Formulations for Military Operations), Institute of Medicine Food and Nutrition Board
Committee on Military Nutrition Research telah menyimpulkan bahwa konsumsi kafein
pada dosis 150 mg dapat meningkatkan prestasi kognitif dan efek ini berlangsung untuk
selama 10 jam setelah konsumsi.
Selain efek kafein yang jelas terhadap kewaspadaan, perhatian dan keterjagaan
mental, kafein mungkin mempunyai dampak terhadap aspek memori dari aspek kognitif.

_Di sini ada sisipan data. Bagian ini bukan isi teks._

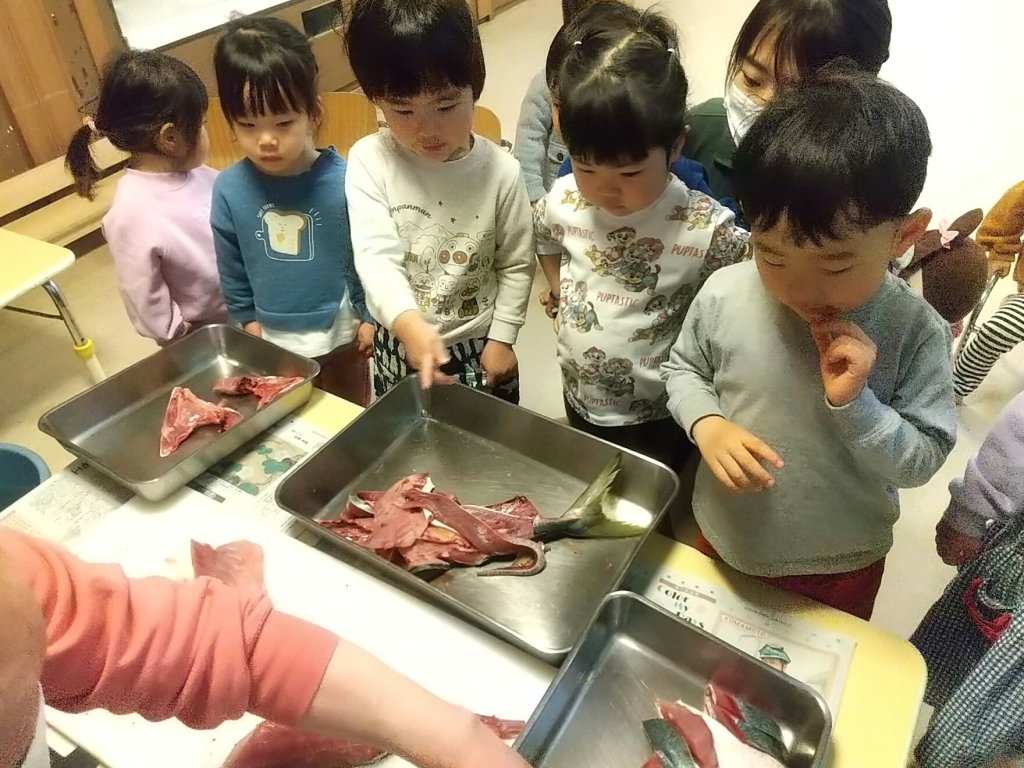 三枚おろしにしている写真です。頭を切り離し、身を三枚おろしにしていると「動いてないね」「死んでいるね」「これはなに?」「骨だよ」と子どもたちの声が聞こえてきました。
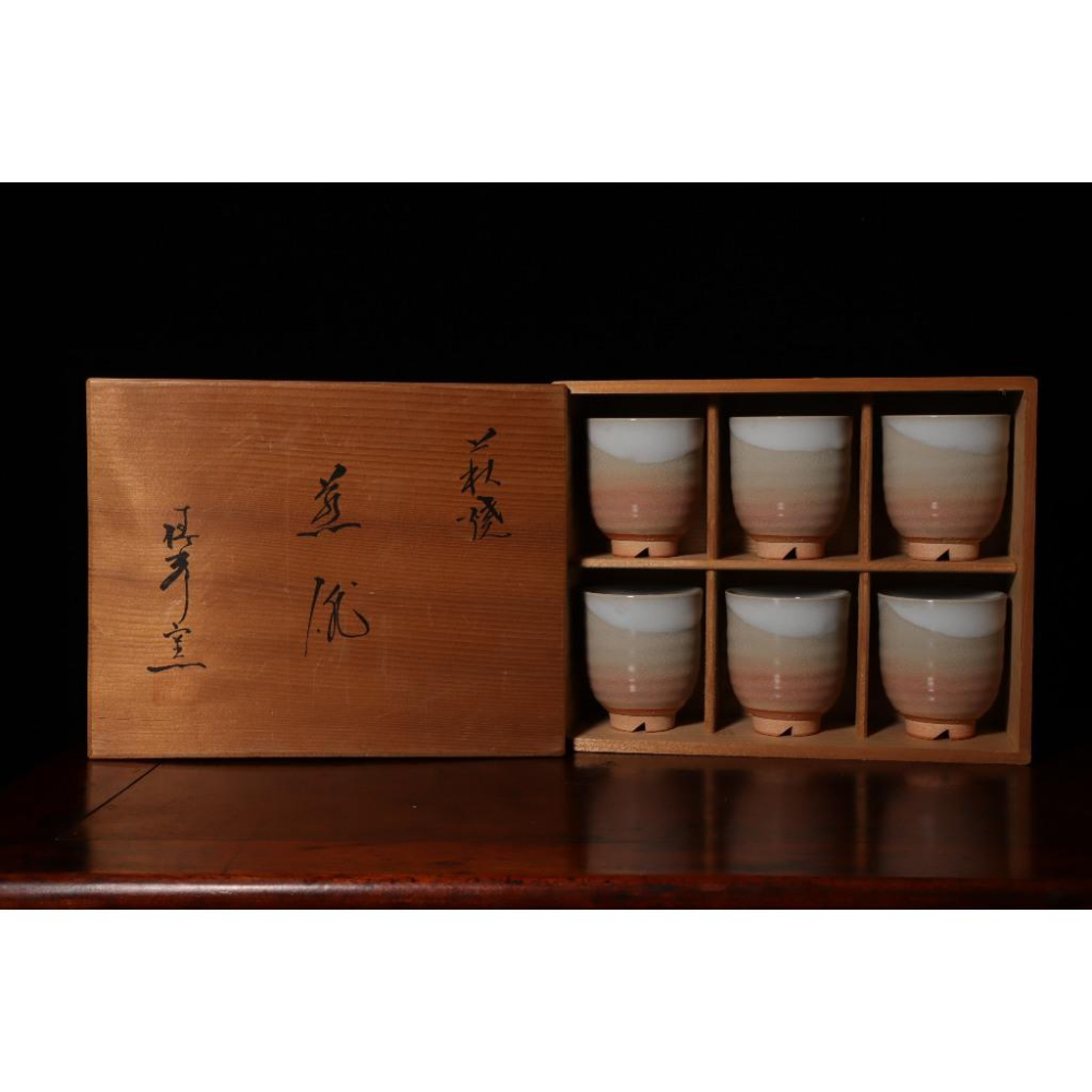 《部町》日本 萩燒椿秀窯 湯吞杯 茶杯 六客 附木箱|抹茶 茶道具 茶道 花道 花藝 神社 京都 古董 茶碗 茶杯

Riedel et al (1995) menunjukkan bahwa supplemen kafein 250 mg dapat
meningkatkan prestasi pada tugas belajar kata. Riedal dan kawan-kawan mengusulkan
bahwa kafein merangsang stimulasi kolinergik pada sistem saraf pusat, akhirnya
mengurangkan efek pelemahan skopolamin terhadap daya ingat jangka pendek dan
jangka panjang. Oleh sebab itu, adalah masuk akal untuk diusulkan bahwa perbaikan
memori yang diinduksi kafein dapat meningkatkan kemampuan pelajar untuk mengingat
dam mengasosiasi materi kuliah sewaktu pembelajaran di dalam kelas. Namun
demikian, terdapat juga penelitian yang menyatakan bahwa kafein hanya dapat bekerja
sebagai enhancer kognitif yang signifikan jika terdapat disfungsi kolinergik seperti pada
pasien Alzheimer (Johnson-Kozlow et al, 2002). Oleh sebab itu, disimpulkan bahwa efek
kafein lebih bermakna hanya terhadap terhadap pasien yang berusia lanjut yang telah
mengalami penurun fungsi kognitif secara alami karena usia (Nehlig, 2010).

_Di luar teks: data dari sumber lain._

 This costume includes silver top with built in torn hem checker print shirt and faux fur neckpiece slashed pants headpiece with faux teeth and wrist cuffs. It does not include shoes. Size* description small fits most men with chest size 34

Dengan demikian, terdapat banyak penelitian dan laporan yang telah dihasilkan
berhubungan dengan efek dan dosis kafein terhadap fungsi fisiologis dan kognitif, yang
semuanya dapat memberi impak terhadap edukasi dan pembelajaran. Meskipun
demikian, tidak banyak penelitian sebelumnya yang menyelidiki efek konsumsi kafein
terhadap fungsi kognitif mahasiswa sedangkan kafein adalah sangat popular dalam
kalangan mahasiswa untuk tujuan akademik.